Division of Assets Request for Verification (FA479) used for Non-MAGI MHN was updated to display the month and year requested for any resources owned at the date of institutionalization. The date displayed is the last month and year entered in FAMIS for the resource before the date of institutionalization if it was not previously verified.

 

NECESSARY ACTION:

  • Review this memorandum with appropriate staff.

 

 

 

KE/cj

 

IM-06 NEW PRESUMPTIVE ELIGIBILITY (PE) EMAIL AND REMINDER TO CLOSE PE

FROM: KIM EVANS, DIRECTOR

SUBJECT: NEW PRESUMPTIVE ELIGIBILITY (PE) EMAIL AND REMINDER TO CLOSE PE

MANUAL REVISION #
1900.030.00
1900.030.10
1900.030.30

 

DISCUSSION:

Presumptive Eligibility (PE) is not consistently being closed upon approval or denial of ongoing full MO HealthNet (MHN) coverage. This causes duplicate coverage which can cause billing issues and be counted as an error on a Qualify Assurance/Quality Control (QA/QC) review.
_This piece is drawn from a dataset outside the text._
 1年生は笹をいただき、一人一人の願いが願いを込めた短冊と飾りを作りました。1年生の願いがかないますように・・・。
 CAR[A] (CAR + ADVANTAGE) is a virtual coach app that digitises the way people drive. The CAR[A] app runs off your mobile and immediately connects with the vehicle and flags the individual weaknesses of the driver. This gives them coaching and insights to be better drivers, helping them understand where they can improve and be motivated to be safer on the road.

In order to ensure the PE is closed:

  • Check MXIX to view if a participant has active PE coverage status and end dates. Even when the status shows Closed (CLS), review the end date on the coverage.
  • Review the comments in MEDES on the Client Contact Notes.
  • When a participant with an active PE case is ready to be approved or denied for ongoing MHN, follow directions in the Closing PE Guide in IM Resources.
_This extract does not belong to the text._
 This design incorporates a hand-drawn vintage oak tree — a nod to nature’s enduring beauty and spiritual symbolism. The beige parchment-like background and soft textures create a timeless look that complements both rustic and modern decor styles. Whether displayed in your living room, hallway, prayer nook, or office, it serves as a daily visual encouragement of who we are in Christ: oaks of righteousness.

The contact email for PE closures and contacts has been updated to FSD.IM.Cole.PE@dss.mo.gov. Please begin using this email immediately to request PE closures.

 

NECESSARY ACTION:

  • Review this memorandum with appropriate staff.

 

 

 

KE/bl

IM-05 REVISION TO NON-MAGI DISABILITY VERIFICATION POLICY

FROM: KIM EVANS, DIRECTOR

SUBJECT: REVISION TO NON-MAGI DISABILITY VERIFICATION POLICY

MANUAL REVISION #
1060.005.00
1050.005.15

 

DISCUSSION:

MO HealthNet Non-MAGI disability policy was updated in the December 1973 Eligibility Requirements Manual.
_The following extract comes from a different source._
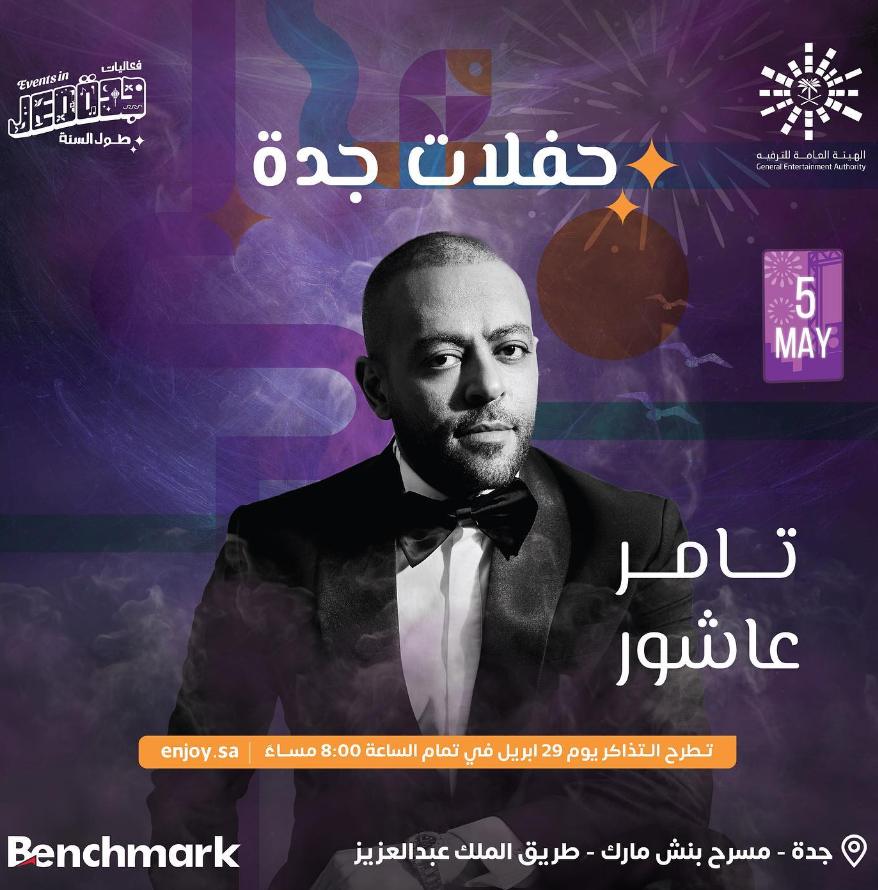يحيي الفنان تامر عاشور حفلًا يوم الجمعة 5 مايو المقبل ضمن حفلات جدة، على مسرح بنش مارك.

  • 1060.005.00 Verification of Disability was revised to:
    • Add that a Social Security favorable decision letter or determination can be used as proof of disability in certain circumstances.
    • Clarify that a new MRT decision is not required when a case closes and the applicant reapplies within 90 days, if the MRT decision was previously waived.
    • Update the email contact information for MRT.
    • Update FSD terminology.
  • 1060.005.15 Submitting Information on Cases Previously Reviewed by MRT was revised to:
    • Clarify that a new MRT decision is not required when a case closes and the applicant reapplies within 90 days, if the MRT decision was previously waived.
    • Update FSD terminology.

 

NECESSARY ACTION:

  • Review this memorandum with appropriate staff.
  • Staff should reference IM Resources for updated guidance Non-MAGI disability.